The Monitor GTLO
- July 27, 2005
- Type: Daily newspaper
- Format: Broadsheet
- Owner: AIM Media Texas
- Publisher: Stephan T. Wingert
- Editor: Stephan T. Wingert
- Founded: 1909
- Language: English
- Headquarters: 1400 E. Nolana Loop McAllen, TX 78504 United States
- Circulation: 13,607 (as of 2023)
- OCLC number: 14375474
- Website: myrgv.com/category/the-monitor/

= The Monitor (Texas) =

Newspaper in McAllen, Texas, United States

The Monitor is a newspaper in McAllen, Texas, United States.

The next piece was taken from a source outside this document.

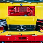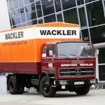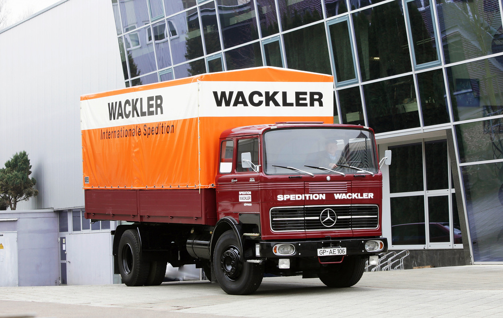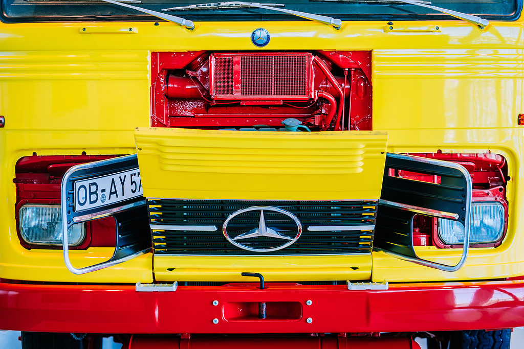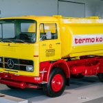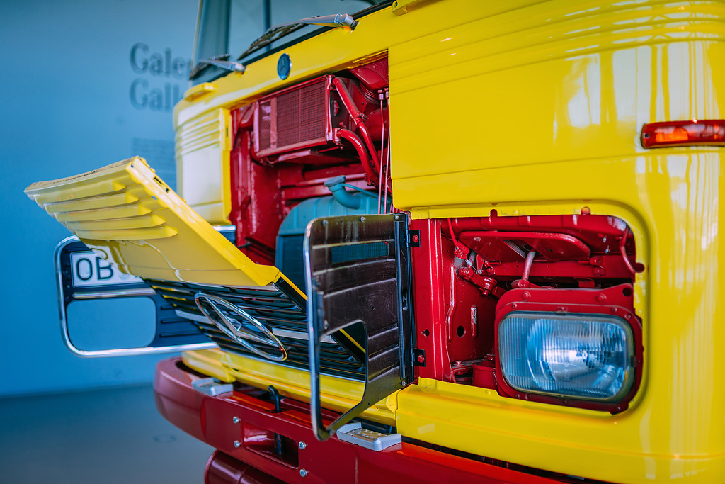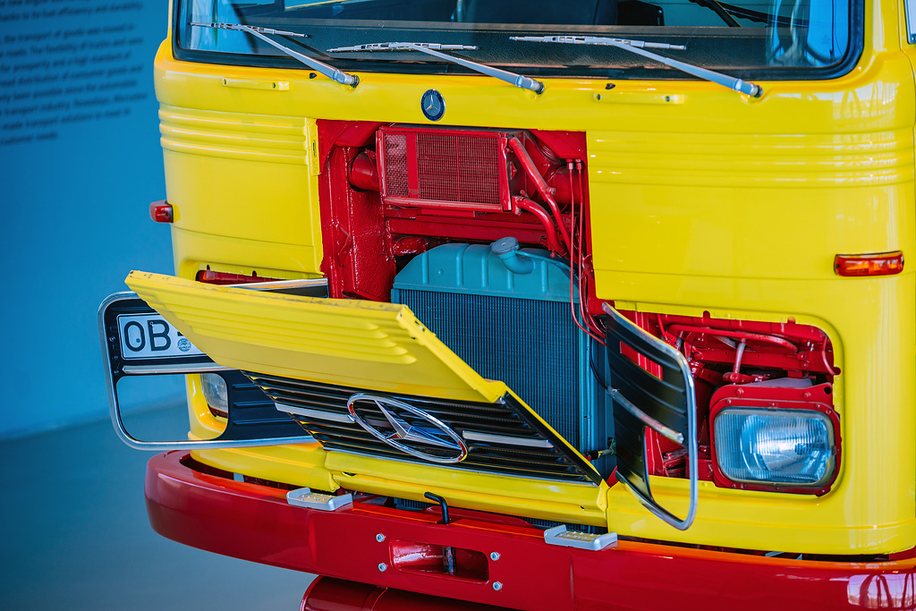 Cabine cúbica: o tanque de óleo para aquecimento do Museu Mercedes-Benz, construído em 1974, pertence à série de veículos comerciais de porte médio com a chamada cabina cúbica, introduzida em 1965. Esta geração de caminhões com a estrela também foi disponível em uma versão leve (também a partir de 1965 – como os primeiros produtos da então nova fábrica em Wörth) e em uma versão pesada já em 1963. Visualmente, as três classes podem ser distinguidas pela posição do farol, para Exemplo: nos “calendários do advento” leves preenchem toda a altura da grade do radiador, nos caminhões médios preenchem a metade inferior e nos veículos comerciais pesados possuem os faróis abaixo do radiador.

Along with the Valley Morning Star and The Brownsville Herald, The Monitor is part of MyRGV, the umbrella publication company for the three newspapers.

== History ==
It was owned by Freedom Communications until 2012, when Freedom papers in Texas were sold to AIM Media Texas. In 2021, The Monitor merged with Valley Morning Star and The Brownsville Herald to form MyRGV.

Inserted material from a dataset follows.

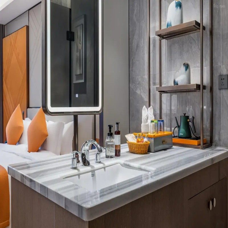 酒店以新中式极简轻奢风为设计理念,将传统东方美学与现代简约功能巧妙融合。木质格栅、素雅色调与柔和灯光共同营造出沉稳而不失格调的居住氛围,有效隔绝外界喧嚣。对于长期处于高压工作状态的差旅人士而言,这样的空间不仅是睡眠之所,更是心灵得以短暂休憩的港湾,助力次日以最佳状态迎接挑战。
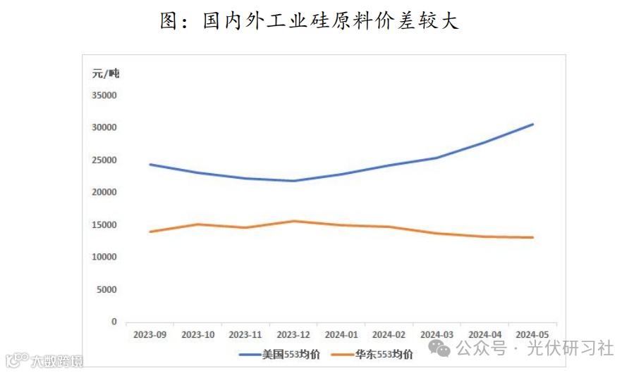 (1)在工业硅原料成本方面,我国作为工业硅的最大的生产国,具有较为明显的价格优势,以 2023 年 12 月价格为例,根据 SMM 数据进行汇率换算,美国 553 硅均价约为 21860.5元/吨,而华东通氧 553 均价仅为美国 553 均价的 71%,再按照国内工业硅块与硅粉之间 150元/吨左右的价差进行计算,在美国生产每吨多晶硅的成本较中国高出约 6761.4 元。

The Monitors Spanish-language sister paper, La Frontera, shut down in 2009. It shares content with the Valley Morning Star and The Brownsville Herald. Both are also owned by AIM Media Texas.

Both its former publisher, M. Olaf Frandsen, and its former editor-in-chief, Steve Fagan, have worked at Pulitzer-winning newspapers. Frandsen was editor-in-chief of the Odessa American in 1988 when the paper won the Pulitzer for spot news photography. Frandsen now is editor and publisher of the Salina, KS, Journal, a member of Harris Enterprises Inc.

In 2017 The Monitor partnered with Quartz to report on the issues of climate change in McAllen and Reynosa. The project was funded by a grant from The Center for Cooperative Media.

In 2021 The Monitor merged online with the Valley Morning Star and The Brownsville Herald.